Como el beso apasionado que había visto delante del portón frente al que ahora se encontraba.

Frente al espejo, apretando los labios mientras se abrochaba el vestido hasta el cuello, Rosa se disponía a salir en un horario insólito para ella. Hacía calor y en casa se estaba, sin ninguna duda, mejor que fuera; pero por una vez sintió que debía hacerlo.

No soportaba ver cómo Ricciardi seguía penando. Su aspecto nunca había sido alegre, desde que había dejado de ser niño, jamás lo había visto reír; era taciturno y huraño, pero ella sabía en todo momento, o creía saber, cómo se sentía y de qué humor estaba. Sin embargo, hacía días que su muchacho, al que ella había jurado proteger en el lecho de muerte de su madre, sufría terriblemente. No comía, salía en plena noche para regresar poco antes del amanecer, y se pasaba las veladas en la oscuridad, escuchando la radio durante horas.
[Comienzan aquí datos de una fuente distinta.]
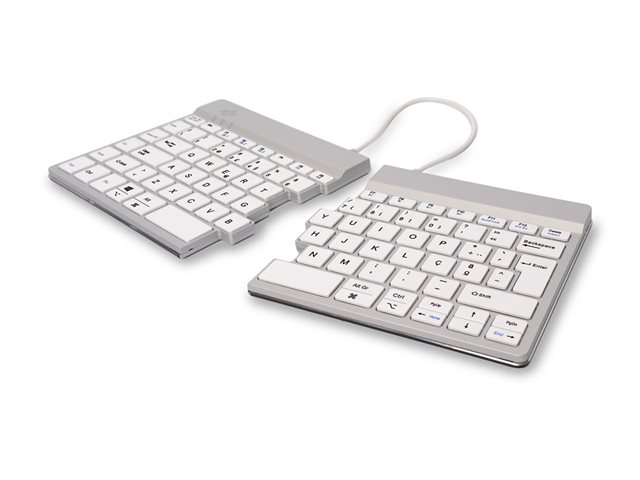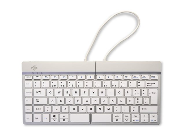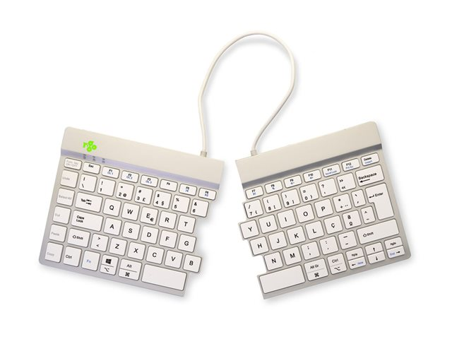 R-Go Ergonomic Keyboard Split break - Version 2 - tangentbord - med integrerad bromsindikator - compact - med magnet attachment, LED indicator - trådlös - Bluetooth 5.0 - QWERTY - portugisisk - vit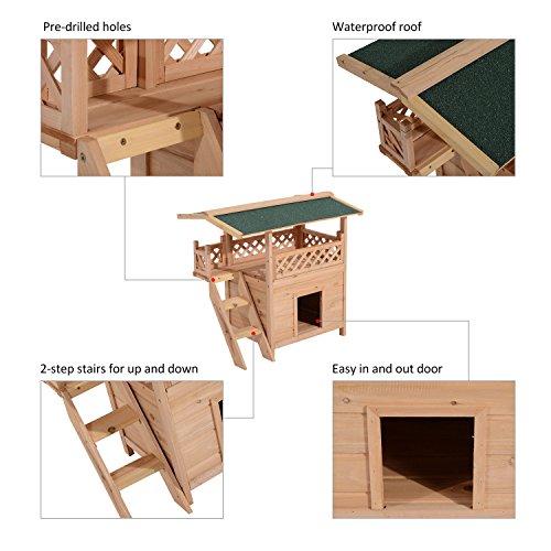 -. Title : Pawhut 2-Story Indoor/Outdoor Wood Cat House Shelter with Roof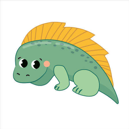 Little spinosaurus. Cartoon dinosaur picture. Cute dinosaurs character. Flat vector illustration isolated on white background.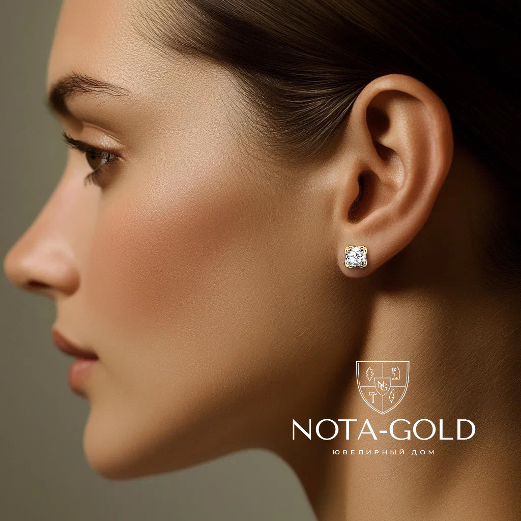 Серьги пусеты из желтого золота с лабораторными бриллиантами огранки Кушон (Вес 1,5 гр.)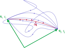 - Rzeczywisty układ fizyczny porusza się po trajektorii, dla której działanie Hamiltona przyjmuje wartość stacjonarną (tj. minimum, maksimum lub punkt przegięcia), przy czym w obliczaniu działania rozważa się wszystkie możliwe trajektorie łączące zadany punkt początkowy i końcowy w zadanym czasie.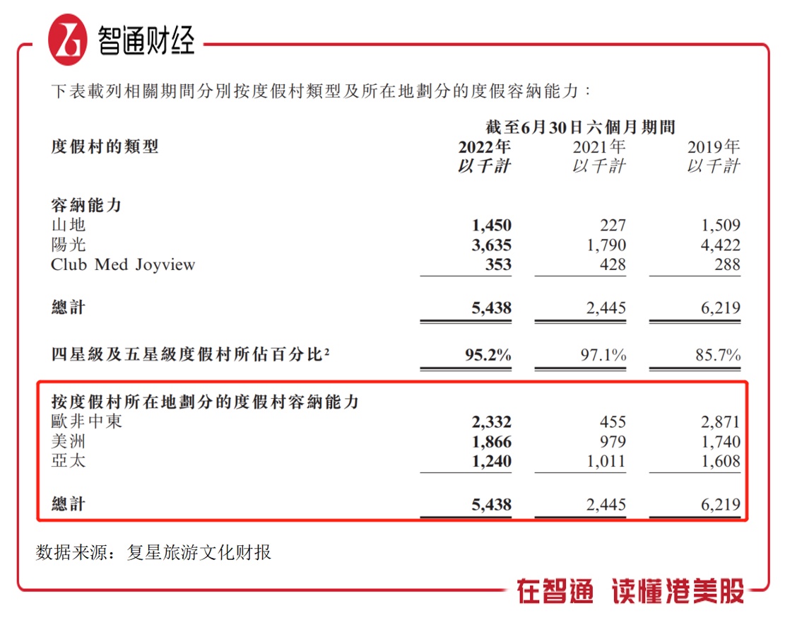 今年上半年,Club Med海外资产延续了去年下半年复苏态势,按客户预订营业额算,欧非中东及美洲分别为38.73亿元及15.6亿元,同比分别增长594.1%及194.3%,分别恢复至2019年同期的98.6%及122.3%。度假村容纳能力也得到快速修复,欧非中东及美洲恢复至2019年同期的81.2%及107.2%。

Y estaba así desde que había entrado jadeando en el dormitorio de ella para espiar la ventana de enfrente.

Cuando terminó de abrocharse y de fijar el sombrero con dos agujas, Rosa se acercó al ventanuco del trastero, al final del pasillo; desde allí se atisbaba una parte de un dormitorio del apartamento de los Colombo, precisamente el cuarto donde dormía la hija mayor. Se entreveía la cabecera de la cama con la cruz de madera colgada en la pared, la mesilla de noche con un vaso y dos libros, y la almohada en la que la muchacha, tendida boca abajo, apoyaba la cabeza. Por el movimiento de los hombros, claramente visible a cinco metros de distancia, Rosa pudo comprobar que Enrica Colombo estaba llorando.

Asintió, satisfecha, e hizo lo que todas las mujeres del barrio cuando necesitaban enterarse de ciertos detalles: fue a la peluquera.